The "good is bad" meme followed by traders triggers market dips with every piece of good news, thanks to paranoia the Fed will seize on it to raise rates. And it creates buying opportunities for investors with the right tactics.
Three successive Fed chairs have allowed the markets to become addicted to cheap money. There will eventually be hell to pay. Just not tomorrow.
First, let's look at what really happens after interest rates rise. Then I'll share the three best investments to own for a Fed rate hike …
History's Verdict on Fed Rate Hikes
Wall Street wants you believe a return to "normal rates" via a Fed rate hike of any kind will lead to a massive market correction.
But the most recent examples point to the opposite happening – rate hikes causing rallies in their aftermath.

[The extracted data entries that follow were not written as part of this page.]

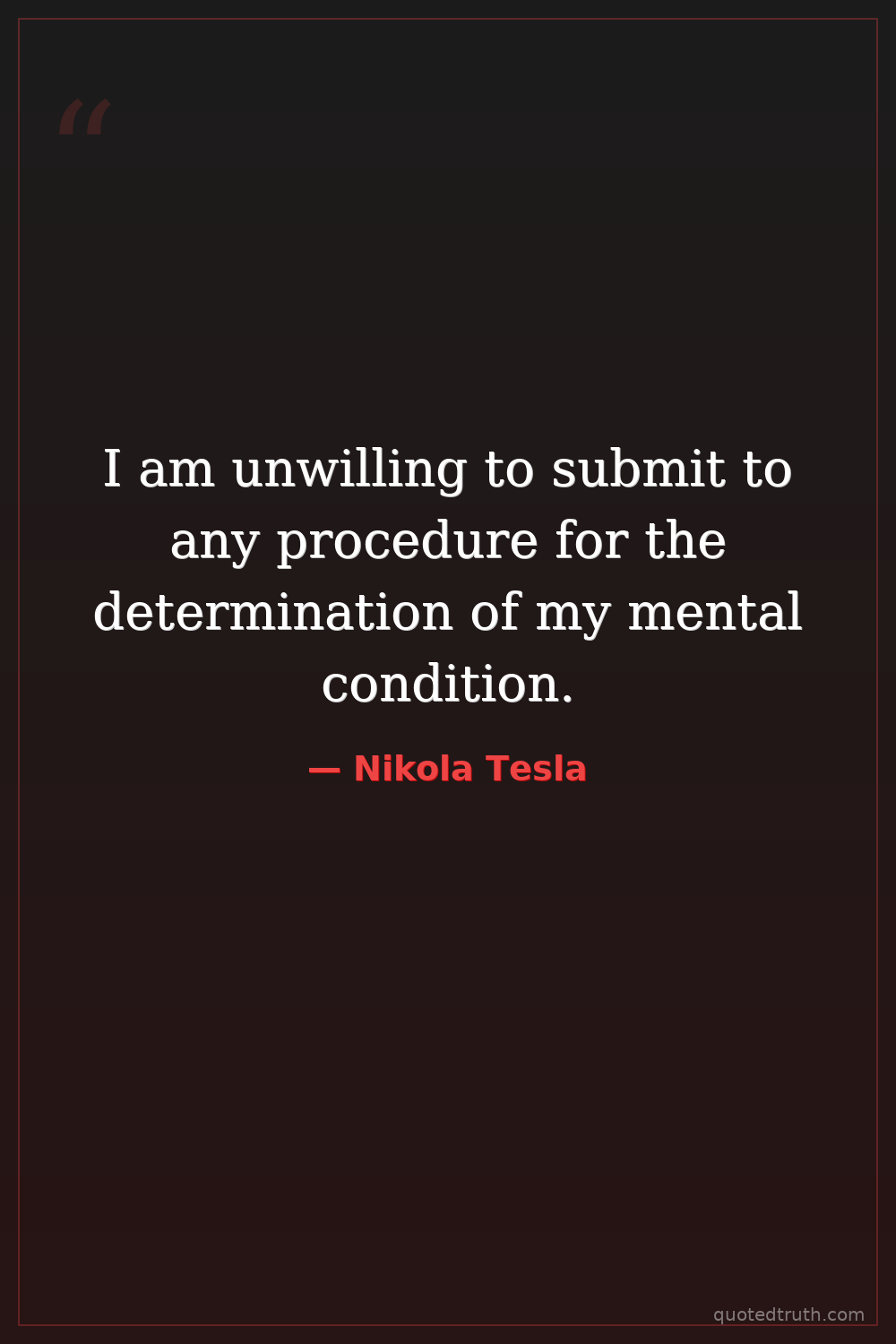 I am unwilling to submit to any procedure for the determination of my mental condition.
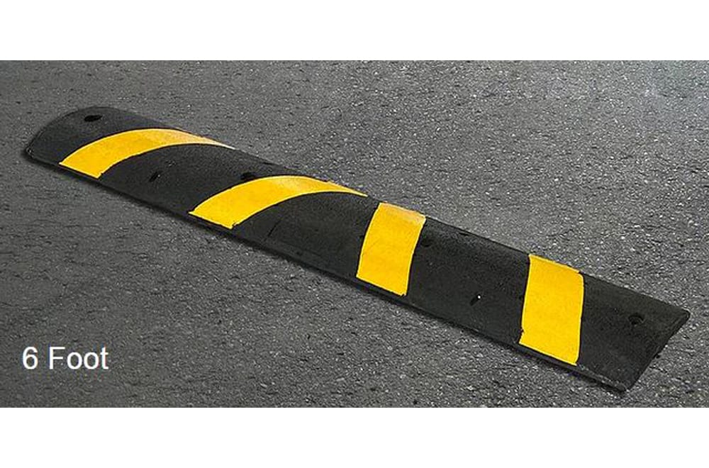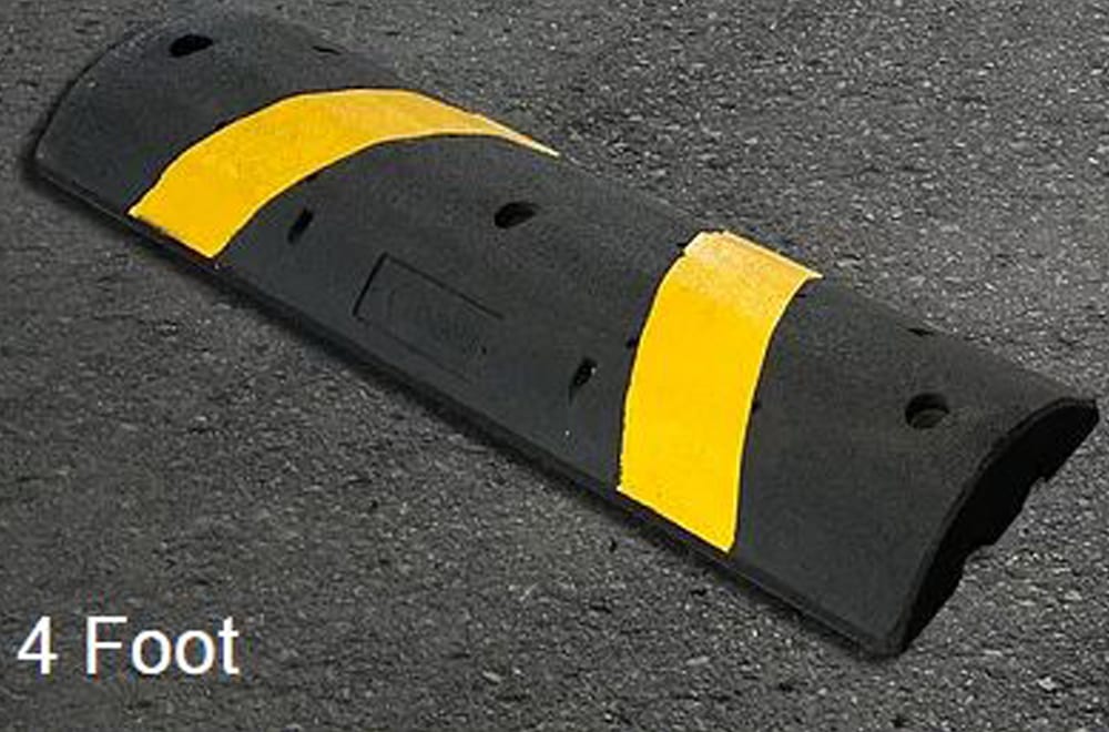 - 6' speed bump has 4 reflective strips and 6 cat eyes for maximum visibility (72" L x 12" W x 2.5" H; Weight: 43 lbs); 4' speed bump has 2 reflective strips and 4 cat eyes (48" L x 12" W x 2.5" H; Weight: 30 lbs)
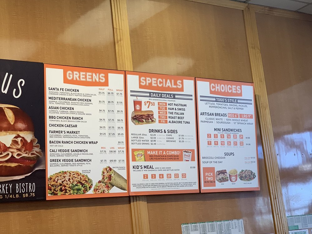 TOGO'S Sandwiches San Leandro Menu (Update 2025)
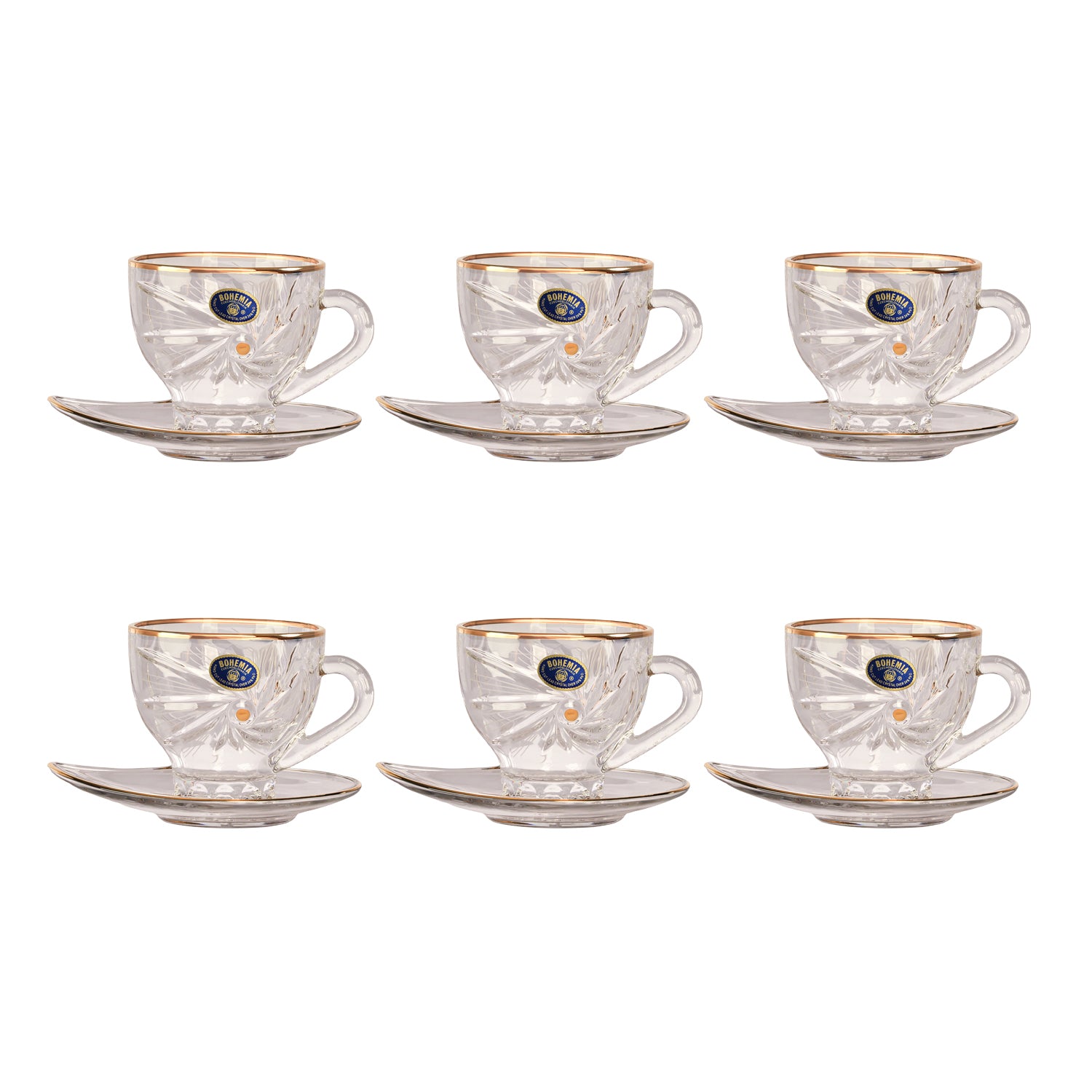 Bohemia Crystal Tea Cup with Saucer Set, 12 Pieces -Gold

Back in 1980, inflation soared. Yet the stock market was in the middle of an impressive bull run, showing strength that was widely out of step with almost every other economic indicator (much like today).
Then, in the spring of 1980, Fed Chairman Paul Volcker began a rate hike that would see rates climb to 19.03%… and stocks rallied through December.
In mid-1983, the Fed decided to increase rates again in pursuit of an even more ambitious 11.44% target over the 8.50% it had already achieved.
The result? The S&P 500 surged immediately. It was still up 6.1% a year later compared to its pre-rate hike levels.
According to Sid Riggs, Money Morning's Director of Research and Performance Measurement, the markets actually went up during six of the last seven periods when the Fed raised rates, gaining an average of 13.47%.
The only time the S&P 500 didn't rise alongside rising rates was back in 1970. That's when the Fed Funds Rate increased from 3.71% to 12.92%. But the Fed hardly has the gall to jack rates by that much today.
For all of the power that stimulus has to artificially juice the markets, traders have forgotten that getting the financial house in order is really the great hope here.
That means panic selling – like what happened Tuesday when the Dow Jones fell 333 points – is an opportunity to buy.